Страница 1 из 59
Аркадий Адамов
ЛИЧНЫЙ ДОСМОТР
ГЛАВА 1
СУТКИ В ГОСТИНИЦЕ «БУГ»
О чем только не передумал Андрей Шмелев за эти шестнадцать часов, пока экспресс Москва—Берлин домчал его к месту первой работы, в пограничный город Брест. О чем он только не передумал!
Еще в Москве, как только он попал в купе, Андрей, забросив наверх свой чемоданчик, растянулся на верхней полке. Только бы Семен не дергал его, не обращался с дурацкими вопросами.
И Семен не дергал, нет, он, казалось, тоже был доволен, что Андрей не наблюдает за ним и не делает своих обычных насмешливых замечаний.
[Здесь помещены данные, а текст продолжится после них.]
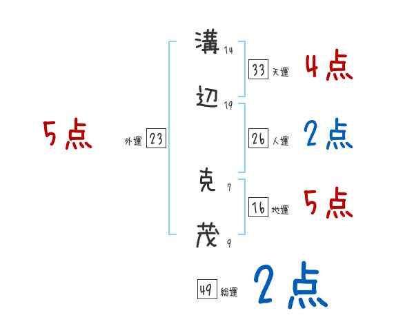 天運![]() | 溝辺克茂さんの天運は33画の4つ星!権力志向でプライドが高い。勇気があり運を切り開き成功する。 家系が持つ宿命的な運勢を表します。祖先から受け継いだ苗字ですので自分の力が及びません。家柄を象徴します。 |

Семен бережно положил на полку два больших чемодана, саквояж и туго набитую сумку, потом аккуратно повесил в изголовье пиджак и, усевшись у окна, закурил, поглядывая с чувством облегчения и даже некоторого превосходства на суетящихся по перрону людей.
Андрей же молча лежал на верхней полке, положив голову на серую, еще без наволочки подушку и упираясь ногами в противоположную стенку купе — полка была ему явно не по росту. Лежал и думал.
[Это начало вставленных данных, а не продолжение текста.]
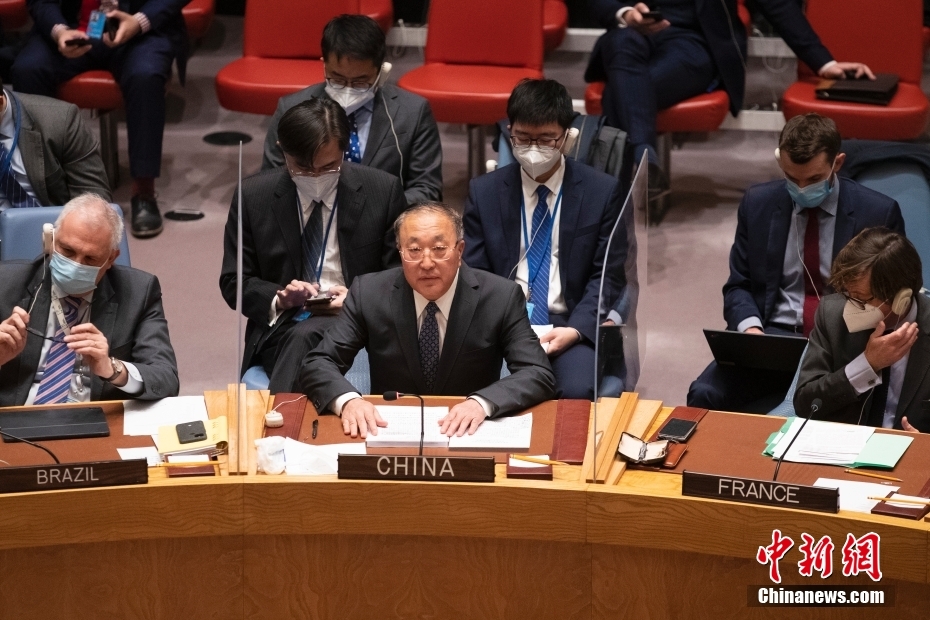 当地时间3月11日,联合国安理会在纽约联合国总部举行会议审议乌克兰生物安全问题。图为中国常驻联合国代表张军在会上阐述立场。中新社

Жгутин… Что он за человек, этот Жгутин, будущий его начальник? И еще — Филин, его заместитель. Какие они, как будет работаться с ними? Жгутин и Филин… Филин и Жгутин… Ничего о них не знает Андрей. Жгутин, фамилия-то какая. Жгут… Ох, скрутит он Андрея. Крутой, наверно, человек, грубый, властный. Тьфу! Глупости какие лезут в голову. Разве можно по фамилии догадаться, каков человек? Тогда филин какой? Ночная птица, злая, в темноте охотится, тайком…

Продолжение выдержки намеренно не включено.